• TASK OBJECTIVE: Could you reproduce, from the records below, everything from the line with "Everyone's favorite bromance" down to the line with "ノーカラーですっきり見えする一枚。", keeping both of those lines and changing nothing?

• DATASET ENTRIES:
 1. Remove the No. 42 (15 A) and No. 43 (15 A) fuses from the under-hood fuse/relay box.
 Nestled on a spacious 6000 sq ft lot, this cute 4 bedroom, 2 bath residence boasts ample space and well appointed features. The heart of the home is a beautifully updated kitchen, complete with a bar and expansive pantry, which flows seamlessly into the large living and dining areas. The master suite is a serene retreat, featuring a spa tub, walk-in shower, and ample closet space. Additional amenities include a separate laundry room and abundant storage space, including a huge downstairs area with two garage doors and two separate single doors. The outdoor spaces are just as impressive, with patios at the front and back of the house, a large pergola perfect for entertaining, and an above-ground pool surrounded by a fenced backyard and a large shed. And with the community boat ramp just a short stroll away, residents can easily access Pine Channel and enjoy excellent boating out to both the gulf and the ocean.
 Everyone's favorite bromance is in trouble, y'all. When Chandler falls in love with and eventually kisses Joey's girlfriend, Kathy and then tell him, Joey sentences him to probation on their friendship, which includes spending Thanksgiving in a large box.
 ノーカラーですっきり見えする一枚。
---
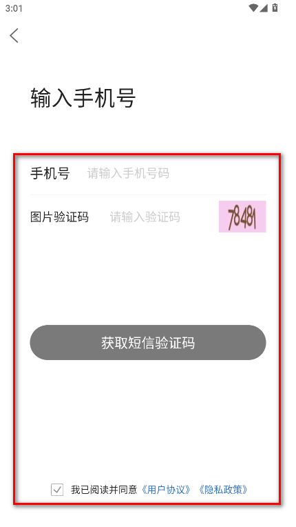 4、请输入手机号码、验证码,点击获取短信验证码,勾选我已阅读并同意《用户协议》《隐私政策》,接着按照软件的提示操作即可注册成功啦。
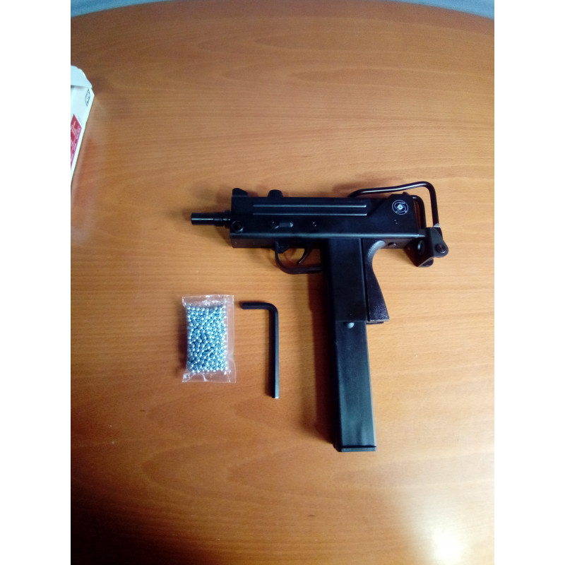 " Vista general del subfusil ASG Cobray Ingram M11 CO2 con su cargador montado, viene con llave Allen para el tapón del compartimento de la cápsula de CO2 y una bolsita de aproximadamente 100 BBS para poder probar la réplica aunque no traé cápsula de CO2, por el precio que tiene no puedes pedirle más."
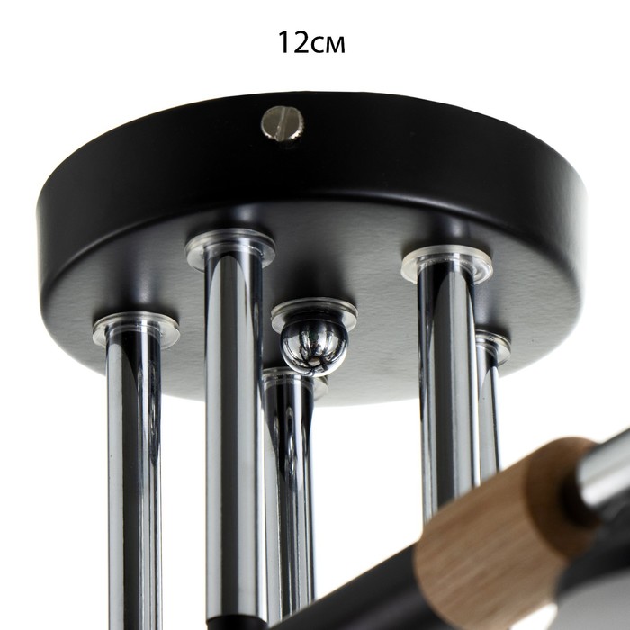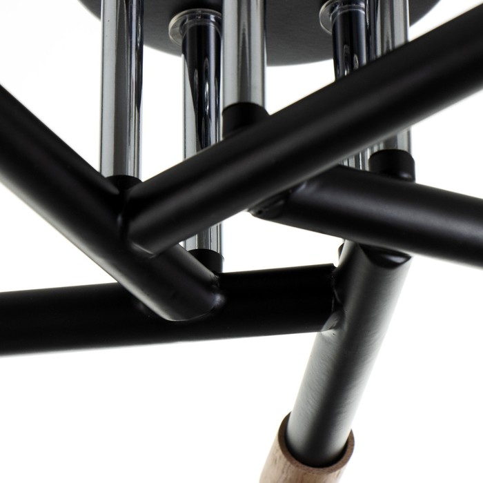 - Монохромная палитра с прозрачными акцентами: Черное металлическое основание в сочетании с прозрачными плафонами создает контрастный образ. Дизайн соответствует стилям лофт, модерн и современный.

• OUTPUT BELOW:
 Everyone's favorite bromance is in trouble, y'all. When Chandler falls in love with and eventually kisses Joey's girlfriend, Kathy and then tell him, Joey sentences him to probation on their friendship, which includes spending Thanksgiving in a large box.
 ノーカラーですっきり見えする一枚。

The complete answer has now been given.